» **Work instruction**
Copy the data that follows exactly. Include no pictures.
Data provided below:
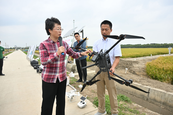副校长朱艳向全体参训教师介绍了智慧稻作技术盐都示范基地整体情况,详细讲解了数字稻田、稻情遥感监测、种肥水药智能决策、耕种管收精确作业、智慧稻作管理平台等智慧稻作核心技术,带领教师实地观摩了作物生长特征高光谱成像传感器、农情智能监测站、稻麦智能测产收割机、作物信息巡检机器人等智慧稻作技术产品与装备。
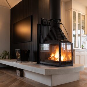 Capture the allure and feel of a campfire in your very own living room, with the stunning Cheminées Philippe Radiante 846 4V Wood Heater offering a refined silhouette and spectacular 360 degree views of the fire. Using state of the art engineering and modelled on their other popular multiview fireplaces, Cheminees Philippe has perfected the design of an innovative luxury four sided view fireplace with excellent natural fireside warmth; you’ll have everyone gathered around.
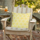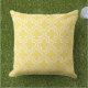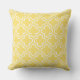O travesseiro na moda apresenta um moderno padrão decorativo marroquino de quatrefoil em branco. Personalize o fundo amarelo brilhante para coordenar com a decoração exterior.
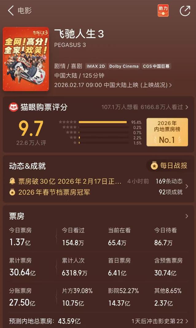 截至发稿时,《飞驰人生3》电影票房突破30亿元。猫眼数据显示,该影片票房为30.64亿元,断层领先2026年票房榜。
End of Data provided.
» **Reply**
副校长朱艳向全体参训教师介绍了智慧稻作技术盐都示范基地整体情况,详细讲解了数字稻田、稻情遥感监测、种肥水药智能决策、耕种管收精确作业、智慧稻作管理平台等智慧稻作核心技术,带领教师实地观摩了作物生长特征高光谱成像传感器、农情智能监测站、稻麦智能测产收割机、作物信息巡检机器人等智慧稻作技术产品与装备。
 Capture the allure and feel of a campfire in your very own living room, with the stunning Cheminées Philippe Radiante 846 4V Wood Heater offering a refined silhouette and spectacular 360 degree views of the fire. Using state of the art engineering and modelled on their other popular multiview fireplaces, Cheminees Philippe has perfected the design of an innovative luxury four sided view fireplace with excellent natural fireside warmth; you’ll have everyone gathered around.
O travesseiro na moda apresenta um moderno padrão decorativo marroquino de quatrefoil em branco. Personalize o fundo amarelo brilhante para coordenar com a decoração exterior.
 截至发稿时,《飞驰人生3》电影票房突破30亿元。猫眼数据显示,该影片票房为30.64亿元,断层领先2026年票房榜。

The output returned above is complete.